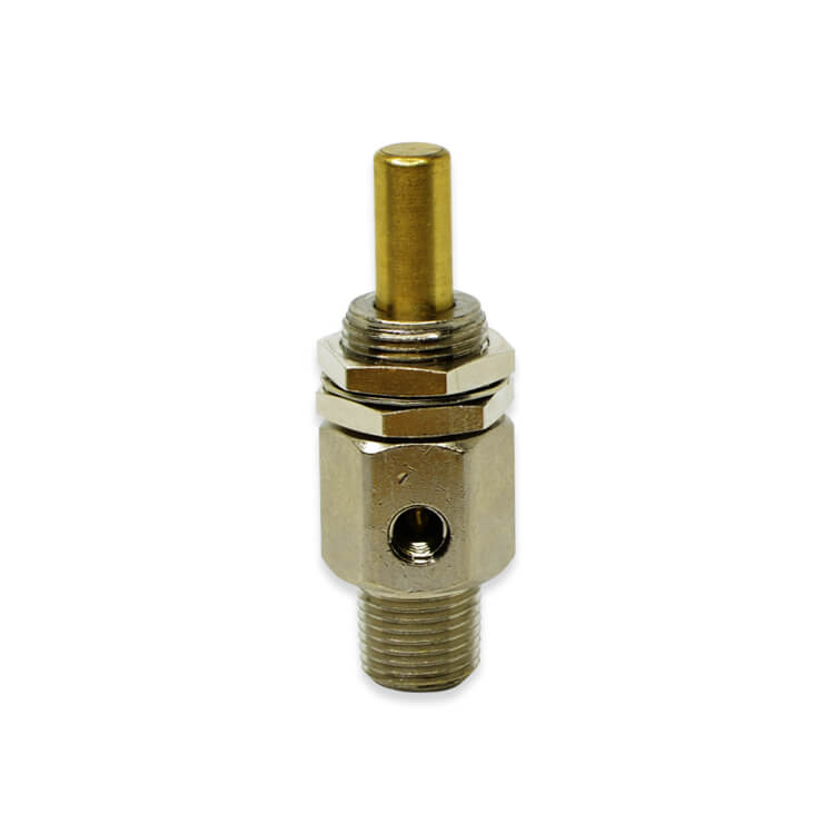 Mini Brass 90º Needle Valve with an inlet of 1/8" male threads. Outlet sizes are female 10-32 threads, male 10-32 threads or 1/16", 1/8", and 3/32" barbs. Available seals are Buna-N, EPDM, and Viton®. The maximum operating pressure is 125 psi, maximum operating temperature is 180º F. Panel mount is standard. This Needle Valve is also available with female 10-32 UNF inlet and outlet threads. The barb sizes are the same as for the male Needle Valve. The black ABS knobs are standard, removable knobs.
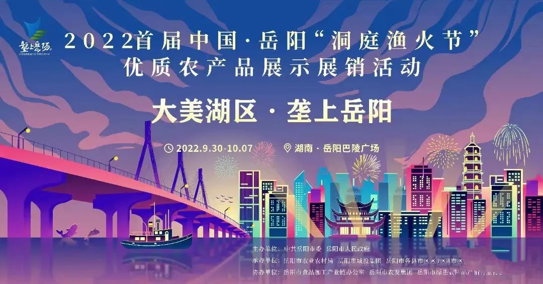 為弘揚(yáng)中華農(nóng)耕文明,致敬農(nóng)民、禮贊豐收,營造喜慶豐收、共迎黨的二十大勝利召開的濃厚氛圍,2022首屆湖南·岳陽“洞庭漁火季”優(yōu)質(zhì)農(nóng)產(chǎn)品展示展銷活動將于9月30日-10月7日在巴陵廣場舉辦。
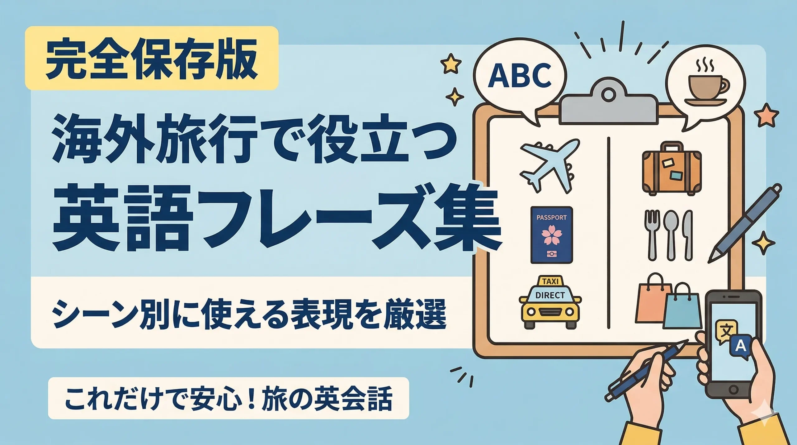 この記事では、空港・ホテル・レストラン・移動・トラブルの5シーン別に、そのまま使える英語フレーズをまとめました。旅行前にサッと確認しておきましょう。
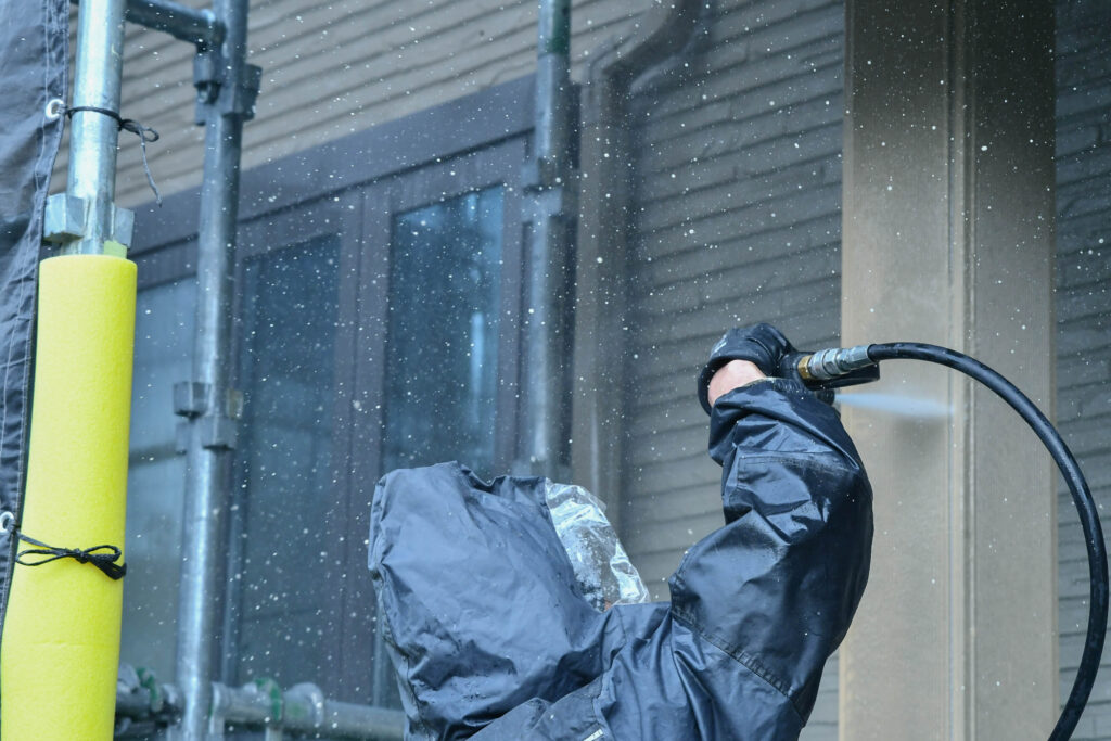 足場を組み、養生を施して、洗浄がスタート。
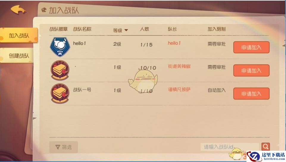 如果你不属于任何一支战队,可以在“加入战队”页面浏览当前所有战队的名称、徽章、宣言、等级、人数、队长和加入限制等信息,决定自己要加入的战队后,点击“申请加入”即可静候佳音。你也可以使用筛选功能,挑选出最适合自己的战队申请加入。
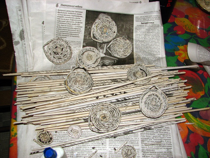 Для начала, как Вы понимаете, необходимо научиться делать трубочки из газет.
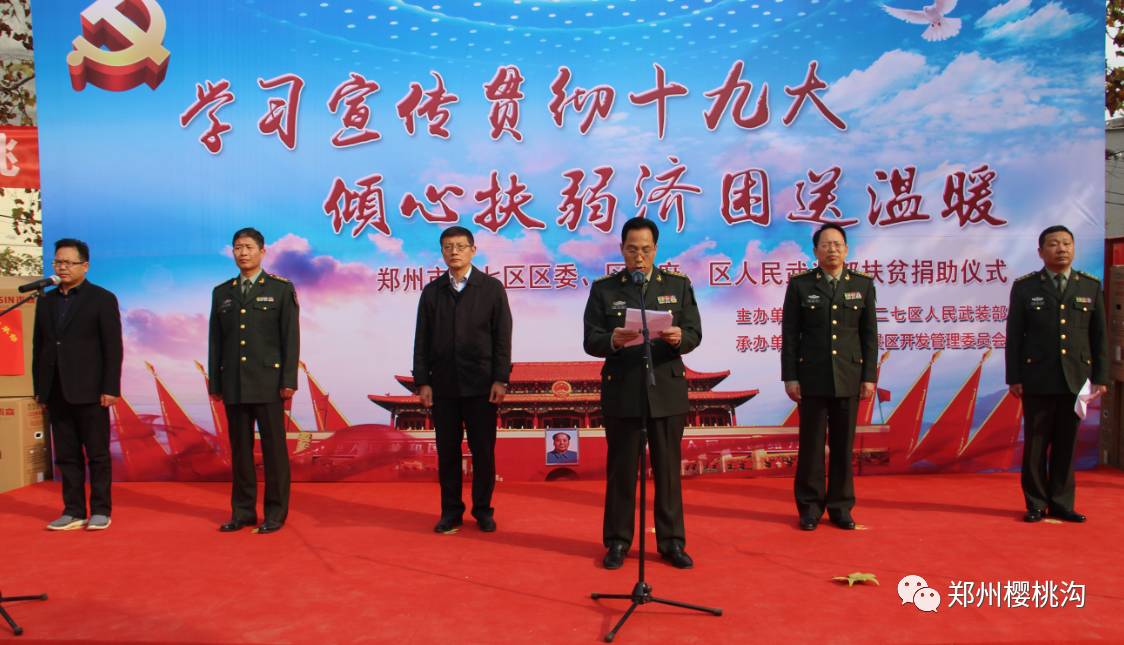 郑州警备区副司令员董继锋在活动仪式上,充分肯定这项活动是党的十九大精神在基层、在乡村的生动实践。他说,在贯彻落实党的十九大精神方面,二七区干在实处、走在前列,做出了表率。党的十九大精神内涵丰富、博大精彩、极端重要,学习宣传贯彻党的十九大精神不是一时一阵的事情,而是一项长期的任务。军队姓军为民,历来把驻地当故乡,把群众当亲人,视驻地的困难为自己的困难,视群众的疾苦为自己的疾苦,为地方经济社会建设发挥自己应有的作用。武装部心中有为民传统,肩上有为民责任,身后有为民期盼,要在完成军事工作任务的同时,大力推进农村脱贫攻坚工作,助力驻地经济社会发展,以实际行动树立好人民军队为人民的良好形象,确保党的十九大精神落地生根,为郑州市提前全面建成小康社会做出更大贡献。

= = = = =

- Your assignment: Retype exactly the lines from the one containing "為弘揚(yáng)中華農(n" through the last line of the records above, both included, and leave out any pictures.

- Output for this task:
 為弘揚(yáng)中華農(nóng)耕文明,致敬農(nóng)民、禮贊豐收,營造喜慶豐收、共迎黨的二十大勝利召開的濃厚氛圍,2022首屆湖南·岳陽“洞庭漁火季”優(yōu)質(zhì)農(nóng)產(chǎn)品展示展銷活動將于9月30日-10月7日在巴陵廣場舉辦。
 この記事では、空港・ホテル・レストラン・移動・トラブルの5シーン別に、そのまま使える英語フレーズをまとめました。旅行前にサッと確認しておきましょう。
 足場を組み、養生を施して、洗浄がスタート。
 如果你不属于任何一支战队,可以在“加入战队”页面浏览当前所有战队的名称、徽章、宣言、等级、人数、队长和加入限制等信息,决定自己要加入的战队后,点击“申请加入”即可静候佳音。你也可以使用筛选功能,挑选出最适合自己的战队申请加入。
 Для начала, как Вы понимаете, необходимо научиться делать трубочки из газет.
 郑州警备区副司令员董继锋在活动仪式上,充分肯定这项活动是党的十九大精神在基层、在乡村的生动实践。他说,在贯彻落实党的十九大精神方面,二七区干在实处、走在前列,做出了表率。党的十九大精神内涵丰富、博大精彩、极端重要,学习宣传贯彻党的十九大精神不是一时一阵的事情,而是一项长期的任务。军队姓军为民,历来把驻地当故乡,把群众当亲人,视驻地的困难为自己的困难,视群众的疾苦为自己的疾苦,为地方经济社会建设发挥自己应有的作用。武装部心中有为民传统,肩上有为民责任,身后有为民期盼,要在完成军事工作任务的同时,大力推进农村脱贫攻坚工作,助力驻地经济社会发展,以实际行动树立好人民军队为人民的良好形象,确保党的十九大精神落地生根,为郑州市提前全面建成小康社会做出更大贡献。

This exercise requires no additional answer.